### DESCRIPTION OF THE TASK
Given the records underneath, please repeat exactly the lines from the line with "Stimmel, nem volt" through the line with "softness as the", passing over any picture.

### RECORDS TO PROCESS
=======

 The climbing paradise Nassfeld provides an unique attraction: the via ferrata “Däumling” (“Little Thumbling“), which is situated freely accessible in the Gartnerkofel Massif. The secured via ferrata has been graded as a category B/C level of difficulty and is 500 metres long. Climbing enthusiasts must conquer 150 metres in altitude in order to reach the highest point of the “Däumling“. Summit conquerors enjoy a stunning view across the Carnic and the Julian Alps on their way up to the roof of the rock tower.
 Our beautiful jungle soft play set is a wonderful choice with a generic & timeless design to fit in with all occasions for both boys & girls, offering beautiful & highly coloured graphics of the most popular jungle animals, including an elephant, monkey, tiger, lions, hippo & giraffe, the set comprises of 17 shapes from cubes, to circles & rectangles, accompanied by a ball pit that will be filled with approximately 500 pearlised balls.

=======

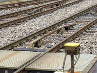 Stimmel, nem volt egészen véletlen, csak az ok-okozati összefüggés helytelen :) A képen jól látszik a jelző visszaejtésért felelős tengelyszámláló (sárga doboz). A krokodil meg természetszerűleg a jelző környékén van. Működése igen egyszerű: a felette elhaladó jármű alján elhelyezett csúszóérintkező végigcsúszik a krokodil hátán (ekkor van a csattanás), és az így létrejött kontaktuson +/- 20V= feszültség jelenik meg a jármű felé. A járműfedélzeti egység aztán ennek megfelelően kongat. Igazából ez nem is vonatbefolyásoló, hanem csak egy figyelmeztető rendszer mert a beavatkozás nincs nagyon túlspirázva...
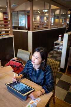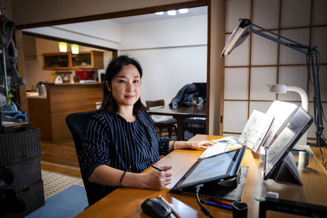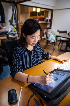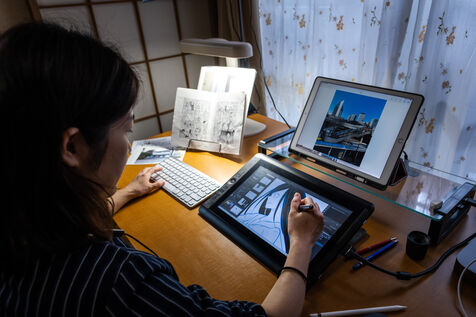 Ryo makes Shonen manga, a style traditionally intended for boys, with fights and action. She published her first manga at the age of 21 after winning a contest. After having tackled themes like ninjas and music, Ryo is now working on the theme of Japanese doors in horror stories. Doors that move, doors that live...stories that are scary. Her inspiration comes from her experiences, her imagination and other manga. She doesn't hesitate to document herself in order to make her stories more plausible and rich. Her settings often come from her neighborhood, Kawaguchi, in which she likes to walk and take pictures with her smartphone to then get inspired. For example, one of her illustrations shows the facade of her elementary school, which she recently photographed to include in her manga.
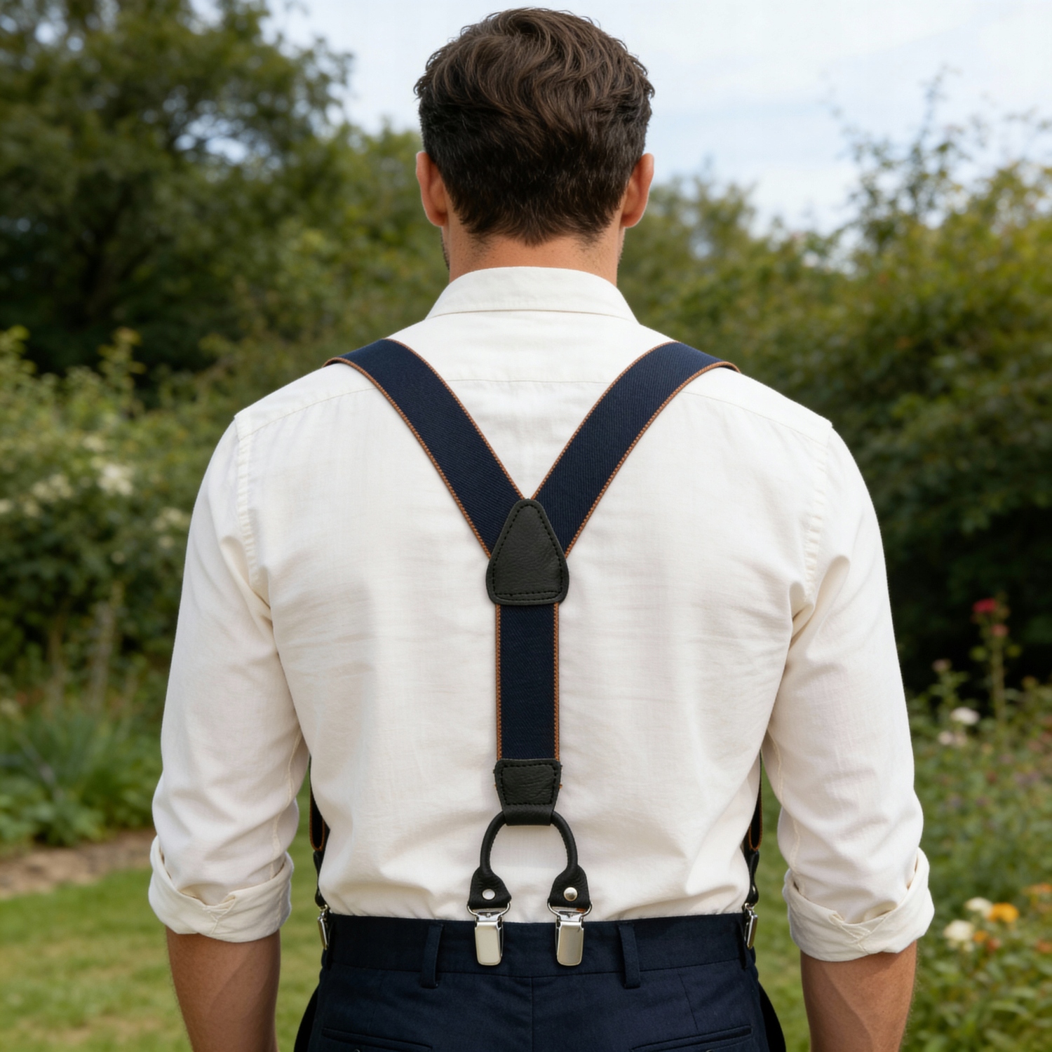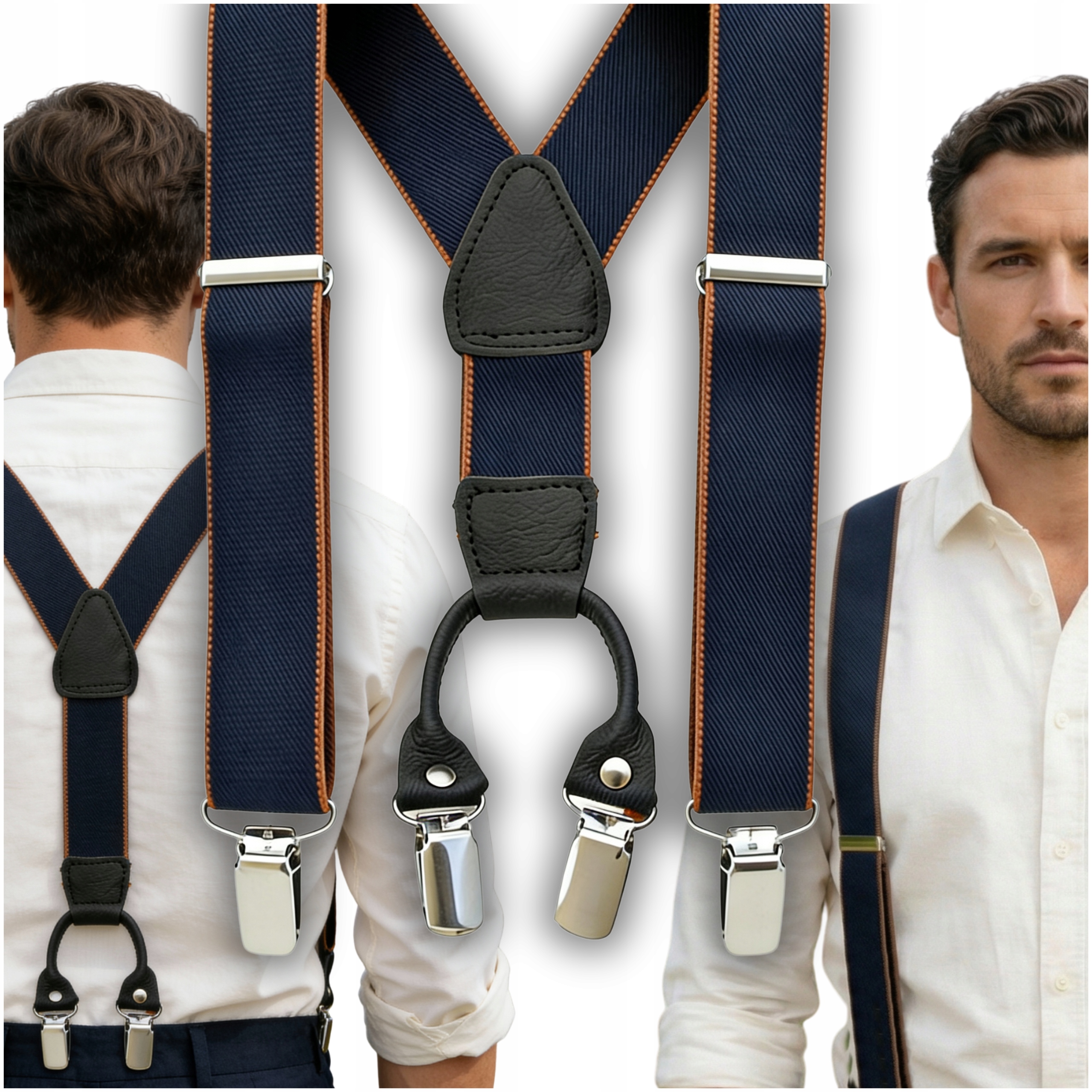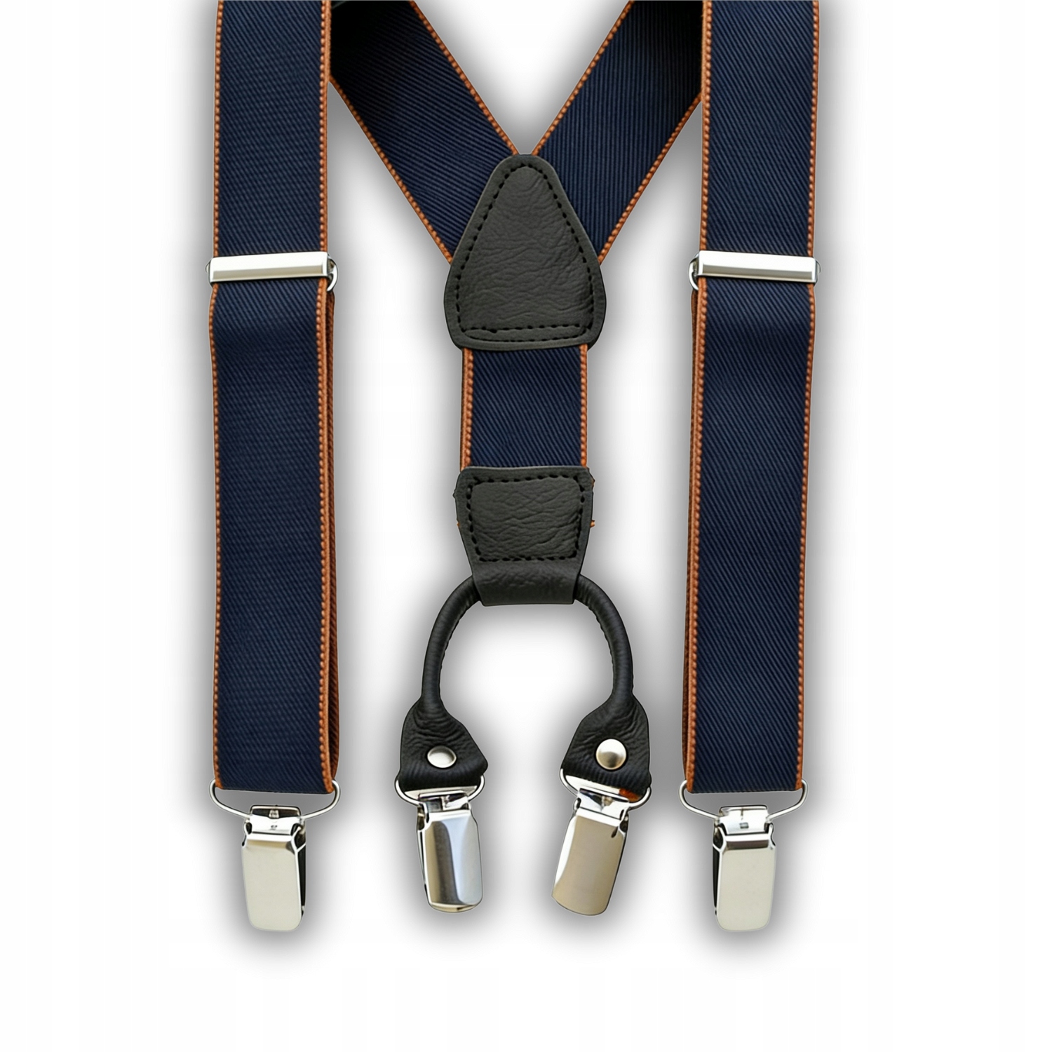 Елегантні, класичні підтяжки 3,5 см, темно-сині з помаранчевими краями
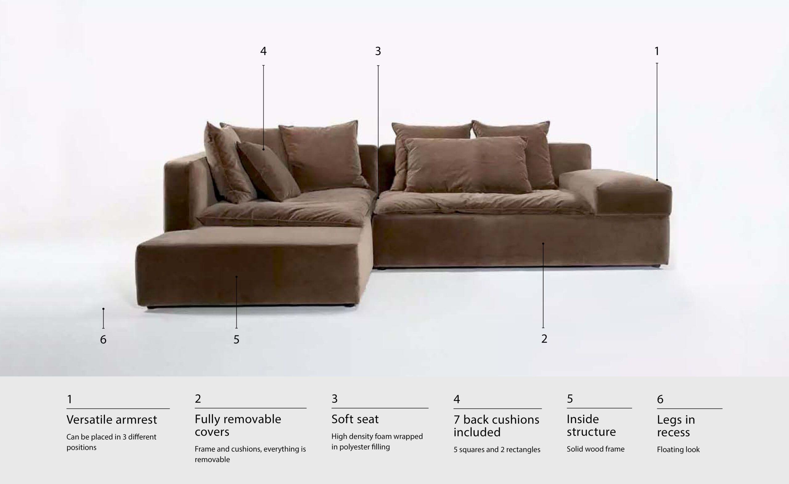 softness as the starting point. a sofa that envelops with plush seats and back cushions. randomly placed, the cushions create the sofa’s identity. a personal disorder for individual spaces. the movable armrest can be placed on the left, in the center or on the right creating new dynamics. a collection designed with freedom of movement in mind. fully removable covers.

=======

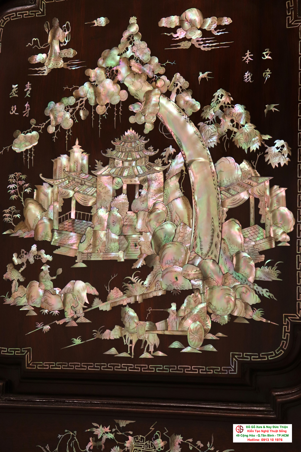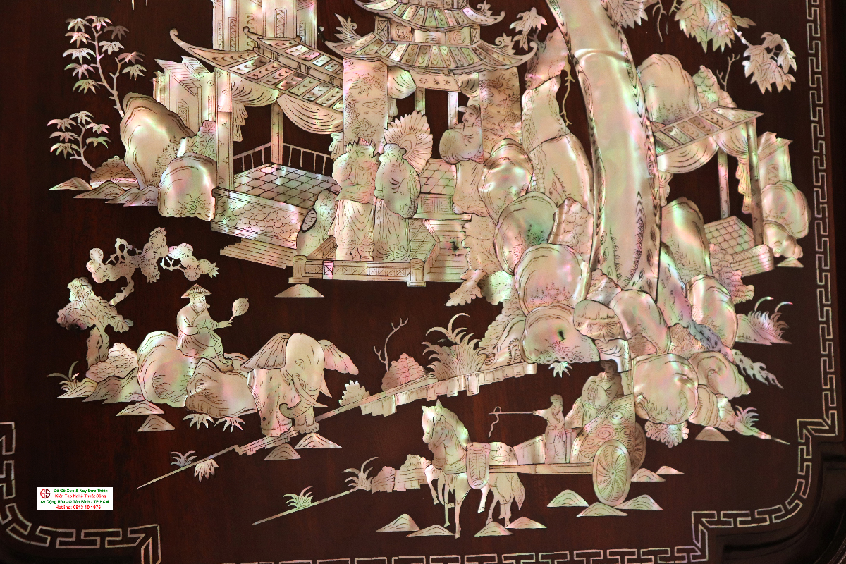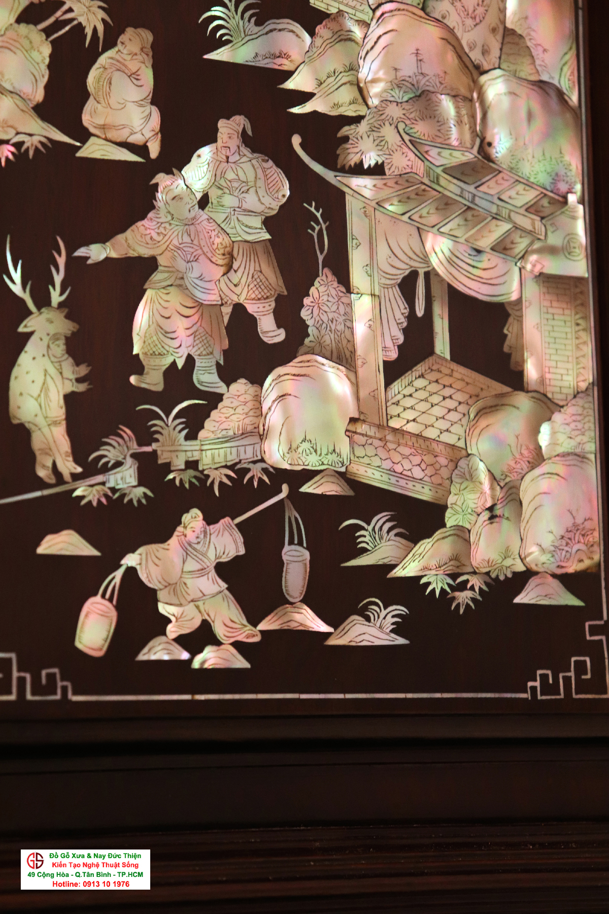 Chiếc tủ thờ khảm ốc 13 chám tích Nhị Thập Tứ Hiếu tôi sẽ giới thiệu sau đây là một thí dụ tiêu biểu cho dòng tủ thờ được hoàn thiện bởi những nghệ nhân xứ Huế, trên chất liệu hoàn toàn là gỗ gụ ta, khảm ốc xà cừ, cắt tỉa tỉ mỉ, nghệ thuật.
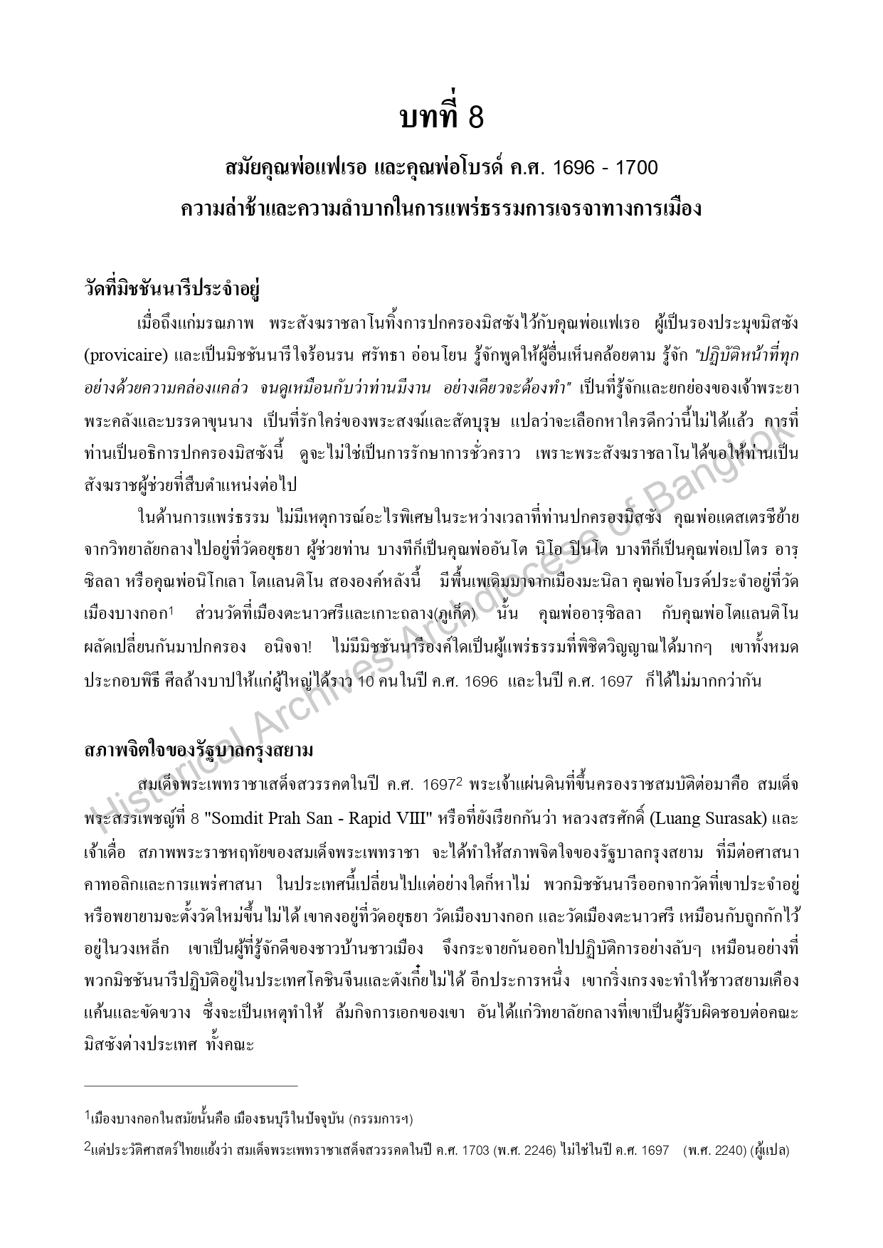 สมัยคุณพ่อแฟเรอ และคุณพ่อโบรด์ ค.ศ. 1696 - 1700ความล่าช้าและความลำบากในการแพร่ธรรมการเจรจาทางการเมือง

=======

### OUTPUT BELOW
 Stimmel, nem volt egészen véletlen, csak az ok-okozati összefüggés helytelen :) A képen jól látszik a jelző visszaejtésért felelős tengelyszámláló (sárga doboz). A krokodil meg természetszerűleg a jelző környékén van. Működése igen egyszerű: a felette elhaladó jármű alján elhelyezett csúszóérintkező végigcsúszik a krokodil hátán (ekkor van a csattanás), és az így létrejött kontaktuson +/- 20V= feszültség jelenik meg a jármű felé. A járműfedélzeti egység aztán ennek megfelelően kongat. Igazából ez nem is vonatbefolyásoló, hanem csak egy figyelmeztető rendszer mert a beavatkozás nincs nagyon túlspirázva...
 Ryo makes Shonen manga, a style traditionally intended for boys, with fights and action. She published her first manga at the age of 21 after winning a contest. After having tackled themes like ninjas and music, Ryo is now working on the theme of Japanese doors in horror stories. Doors that move, doors that live...stories that are scary. Her inspiration comes from her experiences, her imagination and other manga. She doesn't hesitate to document herself in order to make her stories more plausible and rich. Her settings often come from her neighborhood, Kawaguchi, in which she likes to walk and take pictures with her smartphone to then get inspired. For example, one of her illustrations shows the facade of her elementary school, which she recently photographed to include in her manga.
 Елегантні, класичні підтяжки 3,5 см, темно-сині з помаранчевими краями
 softness as the starting point. a sofa that envelops with plush seats and back cushions. randomly placed, the cushions create the sofa’s identity. a personal disorder for individual spaces. the movable armrest can be placed on the left, in the center or on the right creating new dynamics. a collection designed with freedom of movement in mind. fully removable covers.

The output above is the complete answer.